The Washington Office on Latin America (WOLA) released a paper today that highlights the key findings of the U.S. government's most recent comprehensive analysis of cocaine availability. The new government analysis was released recently by the Obama administration's Office of National Drug Control Policy (ONDCP).
According to the WOLA report, Lowering Expectations, the new data are significant because they confirm the central findings of an important 2004 study by ONDCP: cocaine prices have fluctuated many times over the years, but with a clear downward trajectory. New price spikes are to be expected, but the historical record suggests that they will also prove to be temporary.
"On the eve of President Obama's trip to Mexico," said WOLA Senior Associate John Walsh, "these findings reinforce the importance of focusing greater attention on demand reduction and harm reduction, while deliberately lowering expectations for what supply-control strategies can achieve."
Lowering Expectations describes how the government's new data undermine claims made during the previous administration that supply disruptions had achieved unprecedented cocaine shortages in the United States.
- U.S. retail cocaine prices declined every year from 2004 through 2007, while purity remained high.

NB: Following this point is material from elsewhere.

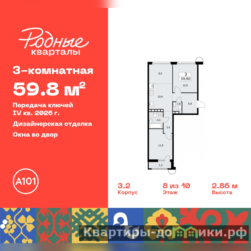 Продается трехкомнатная квартира с европланировкой и отделкой в ЖК "Родные кварталы" на 8 этаже. Общая площадь: 59.8 кв.м., жилая: 31.8 кв.м., суммарная площадь гостиной-столовой с кухонной зоной: 18.8 кв.м. Европейская планировка, кухня-гостиная - идеальный вариант для тех, кто любит часто принимать гостей. Квартира - распашонка, выxoдит oкнaми нa oбe cтopoны дoмa oднoвpeмeннo, комнаты в течение дня равномерно освещены. В квартире один балкон, один совмещенный и один раздельный санузел. Высота потолков 2.95 м.

- In 2007, cocaine's price settled to the lowest level on record, nearly 22 percent below the 1999 price, before Plan Colombia was launched.
- The decline of cocaine prices through 2007 squares with recent U.S. and UN assessments that overall cocaine production has been increasing.
- Cocaine prices have been falling since the early 1980s, and even fairly large price spikes have always been reversed eventually.
"When new price spikes are announced," said Walsh, "they have to be considered in light of the historical evidence, not mere wishful thinking. None of the many previous spikes have put a lasting dent in the U.S. cocaine market."